El sentimiento de vencimiento de los domingos por la tarde. Darse por vencido por ti, por ellos, por el mundo. Pocas cosas pesan más que las tardes de domingo de verano. Los 40 grados dan paso a un hastío que lo único que hace es avecinar, de la forma más cruel posible, la llegada del lunes, la vuelta a la rutina. Vuelta a la rueda que no se para. El paréntesis del mal llamado fin de semana sabe a poco. Digo mal llamado porque nunca es un fin, es una bajada de revoluciones que vuelve a incrementar en el momento en el que suena el despertador el lunes a primera hora.

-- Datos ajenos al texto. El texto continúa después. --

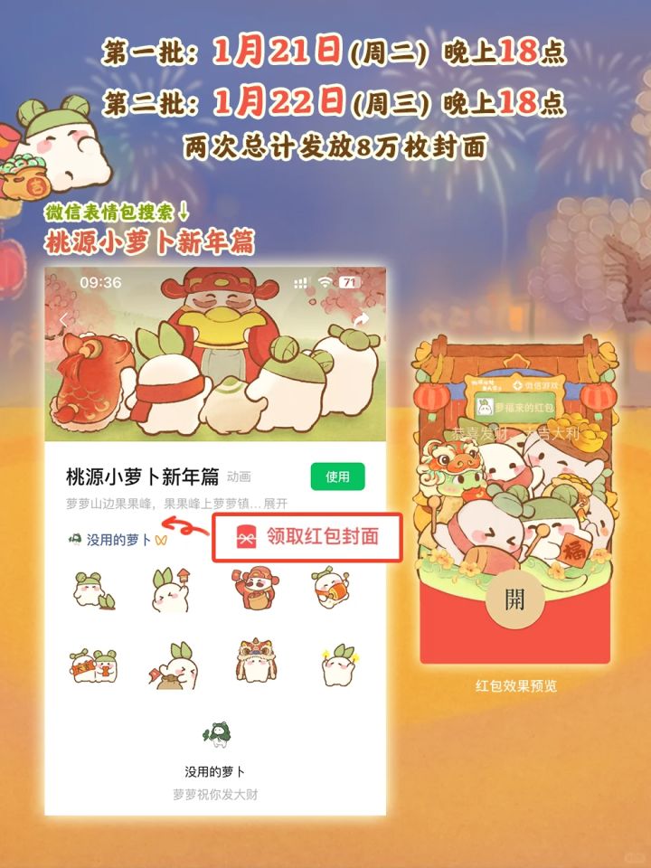 目前共两种渠道第一种渠道:在绿泡泡表情页搜索: 桃源小萝卜新年篇进入表情专辑页领取!(“领取红包封面” 字段只在开始发放点后显示)领取时间:1月21日18:00 和1月22日18:00第二种渠道:红包封面将在《桃源深处有人家》的各大官方账号及社区陆续掉落领取时间:1月22日12:00和1月23日12:00#桃源深处有人家 #红包封面
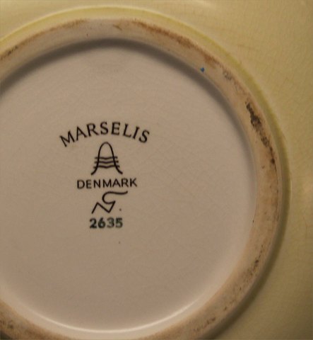 2635 Marselis Gul skål, rund-elipseformet med zig-zag mønster Nils Thorson, 1953 Aluminia kunstfajance

Y así seguimos, mientras el mundo se desmorona por todos sus rincones y la desvergüenza toma las calles, sentimos la losa de la tarde de domingo y sólo nos hace constatar lo que ya sabíamos: no hay quien nos salve de esta.

No existe salvación para nadie, incluso los que gusten de aferrarse a su dios, tampoco él os va a ayudar, ya dijo que descansaría los domingos. Son los días malditos, hagamos lo que hagamos y creamos lo que creamos.

Estamos ante una especie de oasis en medio del desierto, algo que nunca alcanzas porque la sed te está minando y eres consciente de ello; eso es el paso de la semana.

No se trata de días laborales o no, se trata de sentir el peso del tiempo y que nada cambia.

La desvergüenza sigue campando a sus anchas por la calle, el sinsentido va de su mano tan tranquilos.

Y nosotros seguimos hundidos por el peso del domingo.